[SUPPLIED DATA]
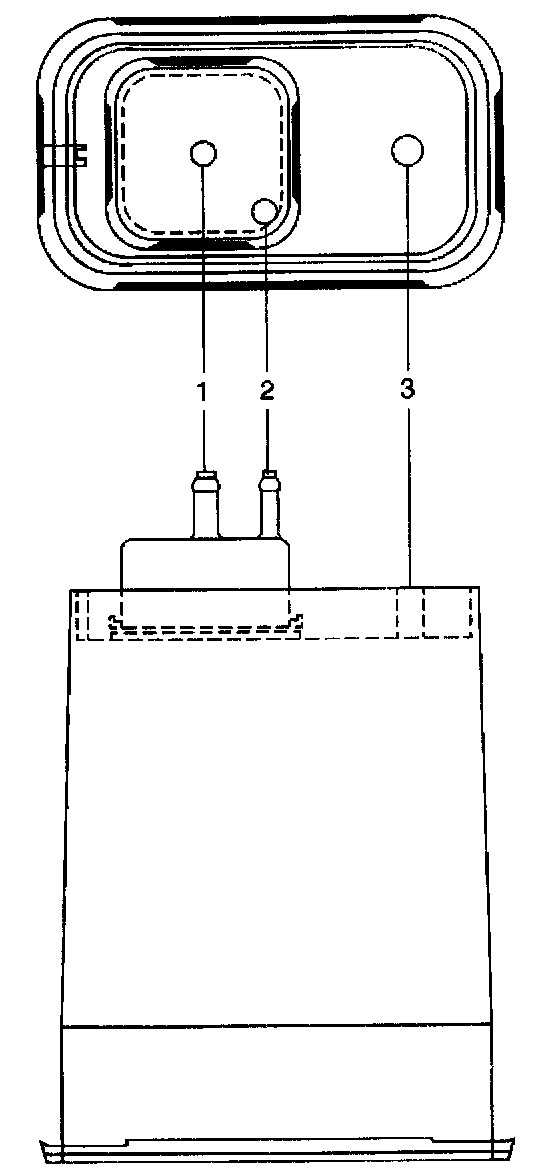 The EVAP canister, filled with charcoal pellets, stores the fuel vapors from the fuel tank. Vacuum is pulled from the fuel tank through the Vapor pipe (2). Fresh air (3) is mixed with the vapors and pulled to the intake manifold from the canister through the purge line (1). The engine vacuum purges the EVAP canister during normal driving.
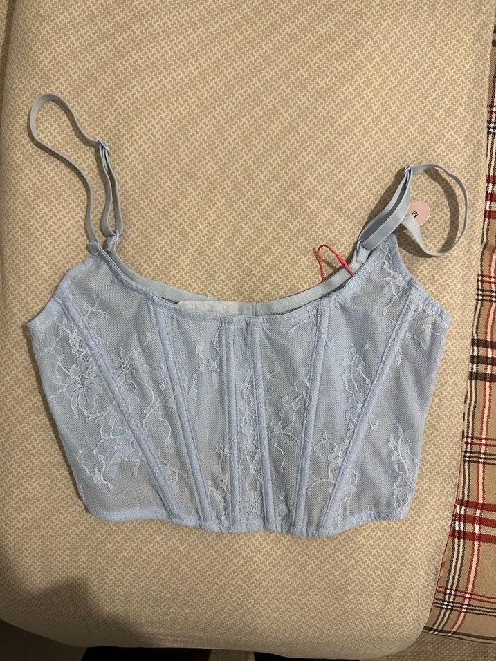 Dantel Detaylı Mavi Denim Straplez Büstiyer
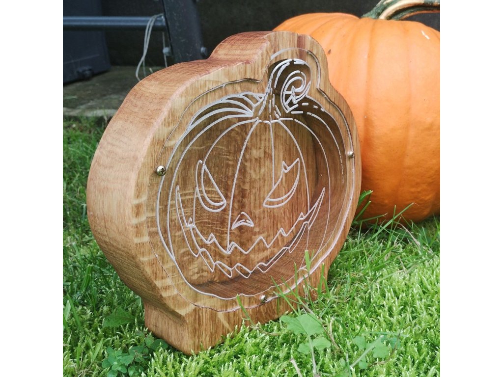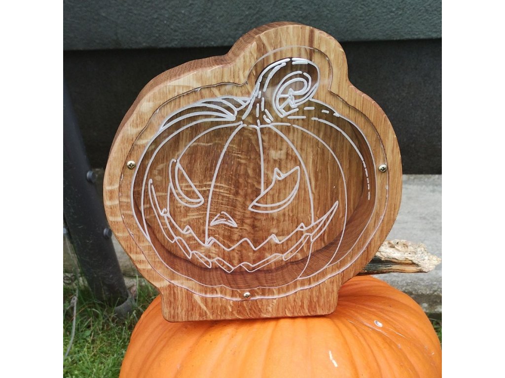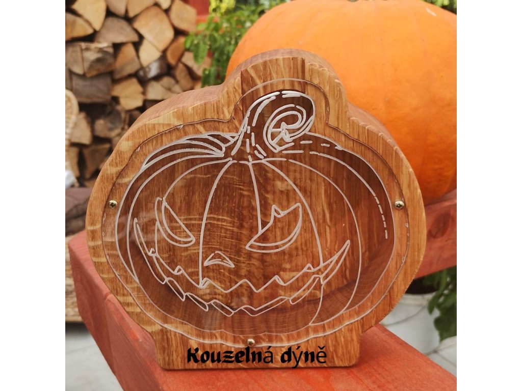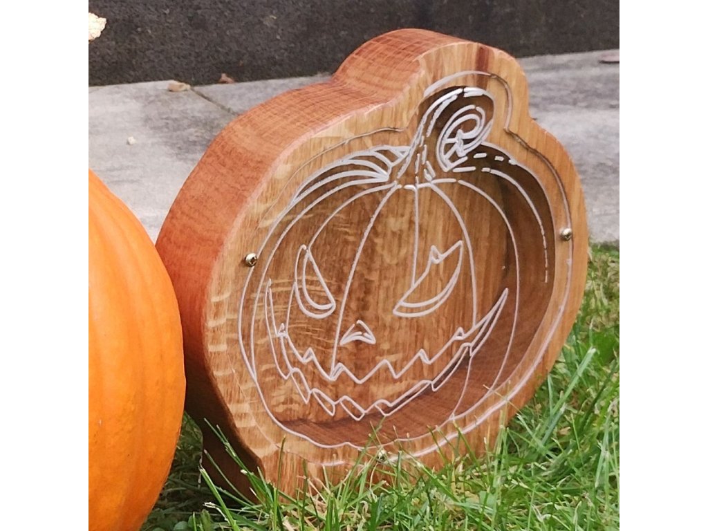 Veselá hallowenská dekorace do bytu - pokladnička ve tvaru halloweenské dýně přinese do dětského pokoje i obýváku nejen úsměv, ale i praktické využití. Ručně vyráběná z kvalitního masivního dřeva, ošetřená přírodními oleji a vosky, aby si zachovala svou krásu a odolnost po dlouhá léta. Ideální pro děti, které se učí spořit, i dospělé, kteří hledají netradiční dekoraci do bytu s užitkem.
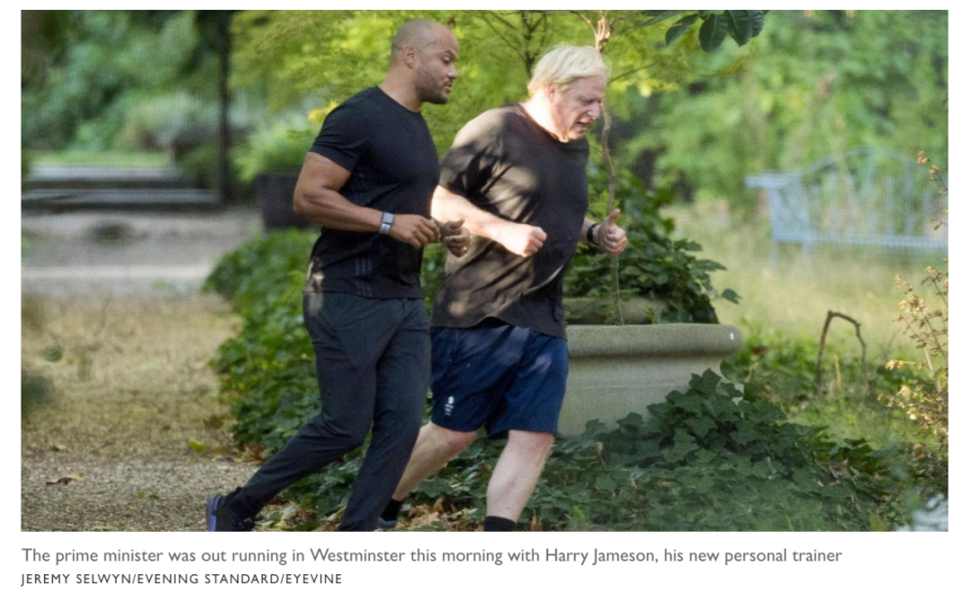 英国首相约翰逊与他的健身教练一起跑步。《泰晤士报》网站截图
[/SUPPLIED DATA]
Give the listing again exactly, but omit each image.

 The EVAP canister, filled with charcoal pellets, stores the fuel vapors from the fuel tank. Vacuum is pulled from the fuel tank through the Vapor pipe (2). Fresh air (3) is mixed with the vapors and pulled to the intake manifold from the canister through the purge line (1). The engine vacuum purges the EVAP canister during normal driving.
 Dantel Detaylı Mavi Denim Straplez Büstiyer
 Veselá hallowenská dekorace do bytu - pokladnička ve tvaru halloweenské dýně přinese do dětského pokoje i obýváku nejen úsměv, ale i praktické využití. Ručně vyráběná z kvalitního masivního dřeva, ošetřená přírodními oleji a vosky, aby si zachovala svou krásu a odolnost po dlouhá léta. Ideální pro děti, které se učí spořit, i dospělé, kteří hledají netradiční dekoraci do bytu s užitkem.
 英国首相约翰逊与他的健身教练一起跑步。《泰晤士报》网站截图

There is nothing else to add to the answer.